Chicago Tribune - 1/17/2022

One morning in March 2021, at a nursing home in Evanston, resident Velta Saint registered an alarmingly low 44% oxygen level in her blood. Normal levels range from 95% to 100%, and one study recommends hospitalization for any patient with a reading below 90%.

Medical workers tried to improve Saint’s respiration, then sent her to a hospital — which sent her back to the nursing home, before she was returned to the hospital, where she died. Saint’s ordeal came after her daughter, a registered nurse, said the home had been slow, in her opinion, to diagnose her condition and failed to treat it aggressively. The daughter, Marlene Bryan, filed a complaint over her mother’s treatment with the Illinois Department of Public Health.

“What gets me is, I told them,” Bryan said. “There were so many things that are so wrong. If somebody had said, ‘This is not right,’ my mom would still be alive today.”

But a state inspector found the complaint unsubstantiated, meaning he found insufficient evidence to give it credence. As a result, state regulators took no action against the nursing home — a common occurrence with complaints about long-term care.

In 2021, state inspectors found about 64% — nearly 2 out of 3 — of overall complaints and abuse or neglect complaints unsubstantiated. In 2020, 66% of overall complaints were unsubstantiated, and 90% of neglect allegations.

The issue isn’t new nationally. As far back as 2009, the U.S. Government Accountability Office reported that concerns had been raised about the timeliness and adequacy of complaint investigations and federal oversight. GAO found 19% of investigated complaints nationally were substantiated and led to a citation, and that many state agencies had difficulty meeting performance standards for handling complaints.

Illinois had the second-highest rate of complaints and number of substantiated complaints compared with peer states, according to a consultant’s report that generally found lax state oversight and poor quality of care. Still, the dismissal of most cases has come as residents and loved ones have increasingly complained about conditions in nursing homes. Complaints rose 29% from 2014 to 2019, the report found, and last year, the state failed to investigate the most serious complaints for three months.

The state is required by law to conduct general inspections annually and to respond quickly to specific complaints. One of the prime drivers of complaints, officials say, is a shortage of nursing home workers, which has only grown more severe during the COVID pandemic. To make matters worse, the state has been chronically short of inspectors.

In response to the Tribune’s questions, spokeswoman Melaney Arnold said the health department is not able to comment about individual cases, and she did not address questions about whether the number of complaints that are substantiated is low. But she said the agency has overhauled its Office of Health Care Regulation, hiring a new management team and 40 new nurse surveyors and five supervisors since September 2020 to eliminate a backlog of complaints.

The health department also hired a manager to coordinate the use of proceeds from fines to improve the quality of care at nursing homes, and the state is proposing major changes to tie funding to staffing and performance.

For their part, nursing home industry officials defended their performance, saying regulatory inspections often unnecessarily result in citations and fines, when working together would produce better results.

A rare look inside the complaint process

Saint lived at Symphony Evanston Healthcare, which Medicare rates at four out of five stars overall, based on health inspections, staffing and quality of resident care.
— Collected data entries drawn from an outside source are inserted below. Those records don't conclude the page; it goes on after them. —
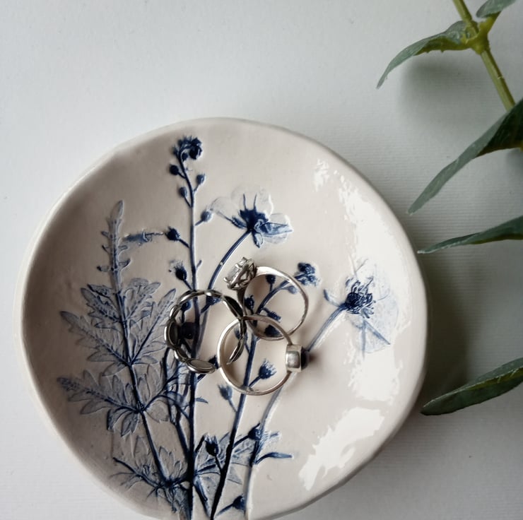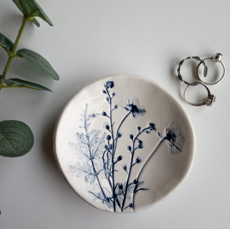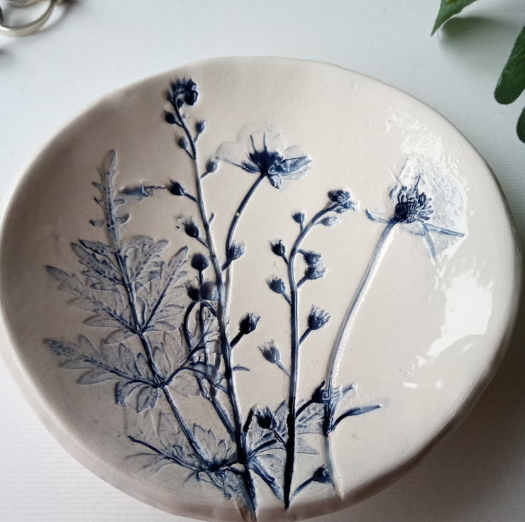 This is one of my trinket dishes I make from pressing real plants into the clay.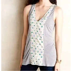 PORRIDGE Anthropologie Floral Mixed Media Tank Top Boho Festival Size S & M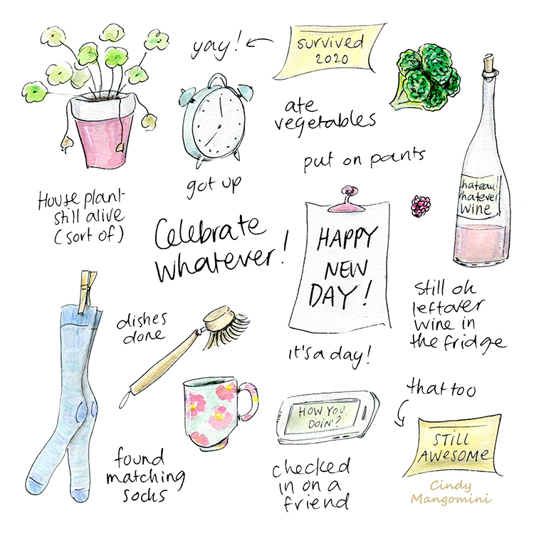 The Holidays are over but there’s no reason to stop celebrating small things. It’s been a tough year and we should be kind to ourselves. You survived 2020: well done! Put on pants today? That’s awesome! Checked in on a friend? You deserve extra karma points for that! Feel like you didn’t do anything worth celebrating today? Remember you are still awesome and it’s okay and normal to feel bad sometimes! 💚 Hopefully this drawing can serve as a little positive reminder. It was one of my best nine for 2020 on Instagram, and I updated it a little bit for 2021.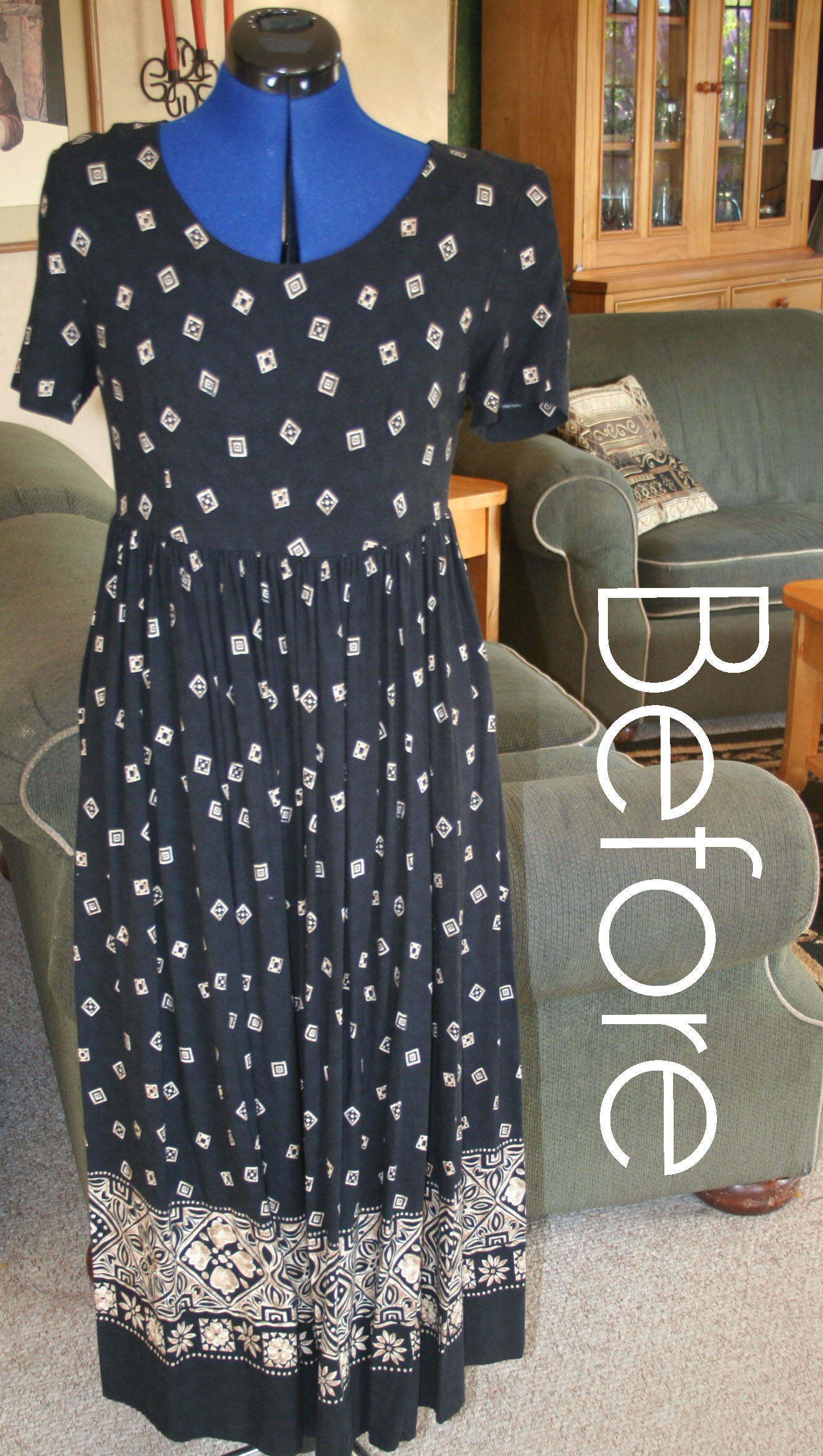 I also cut away about twenty four inches from the sides of the skirt. There was sooooo much material there. Much more fullness than even MY hips need to feel comfortable.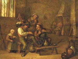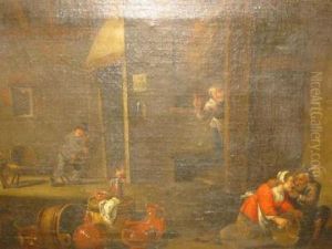 Interior With A Peasant Smoking A Pipe Before A Fireplace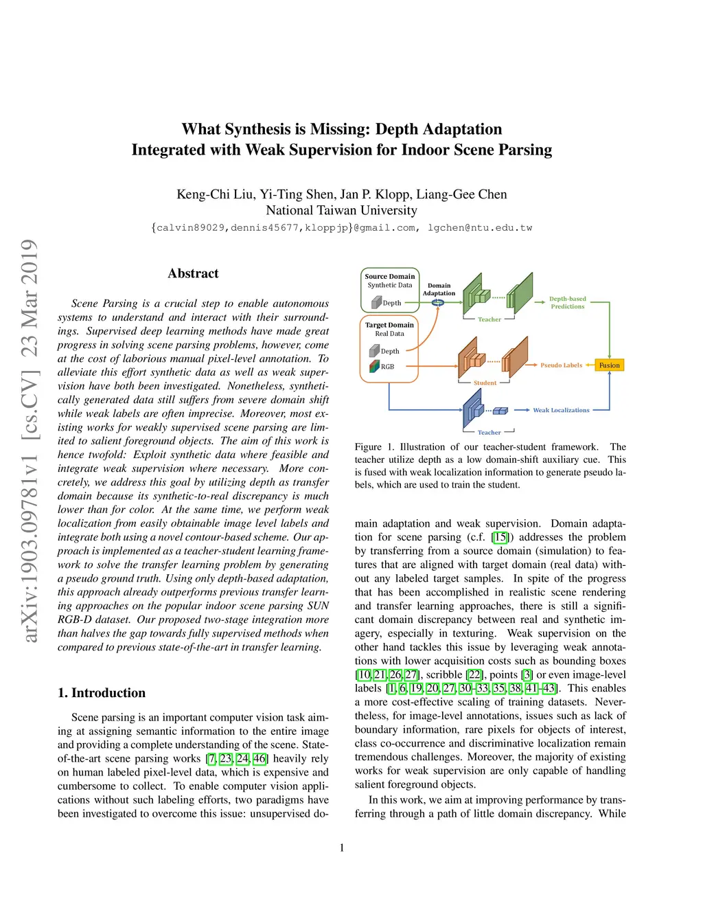 Scene Parsing is a crucial step to enable autonomous systems to understand and interact with their surroundings. Supervised deep learning methods have made great progress in solving scene parsing problems, however, come at the cost of laborious manual pixel-level annotation. To alleviate this effort synthetic data as well as weak supervision have both been investigated. Nonetheless, synthetically generated data still suffers from severe domain shift while weak labels are often imprecise. Moreover, most existing works for weakly supervised scene parsing are limited to salient foreground objects. The aim of this work is hence twofold: Exploit synthetic data where feasible and integrate weak supervision where necessary. More concretely, we address this goal by utilizing depth as transfer domain because its synthetic-to-real discrepancy is much lower than for color. At the same time, we perform weak localization from easily obtainable image level labels and integrate both using a novel contour-based scheme. Our approach is implemented as a teacher-student learning framework to solve the transfer learning problem by generating a pseudo ground truth. Using only depth-based adaptation, this approach already outperforms previous transfer learning approaches on the popular indoor scene parsing SUN RGB-D dataset. Our proposed two-stage integration more than halves the gap towards fully supervised methods when compared to previous state-of-the-art in transfer learning.

It had 13 complaints that resulted in fines in the past three years, federal records show.

Responding to the Tribune’s questions about the case, Symphony issued a statement noting that after an inspection and an administrative review, state inspectors did not find any deficiency in the treatment the home provided.

“Patient privacy laws limit what we can share on the care provided,” the statement read, “but we do want to express our heartfelt condolences to (Ms. Bryan) and her family for their loss.”

Because Bryan was willing to share the state inspection report with medical records of her mother’s experience, the case offers a rare glimpse inside proceedings that typically remain secret due to health privacy laws.

Velta Saint was born in Jamaica and immigrated to the United States as a teenager, according to her daughter. She herself worked as a certified nursing assistant at nursing homes for about 20 years and cared a great deal for her patients, Bryan said.

She married and divorced, and as a single mother raised three children in Evanston. Bryan fondly recalled her mother taking her kids to fly kites and buy caramel apples at the nearby Affy Tapple store, and always emphasizing the importance of education.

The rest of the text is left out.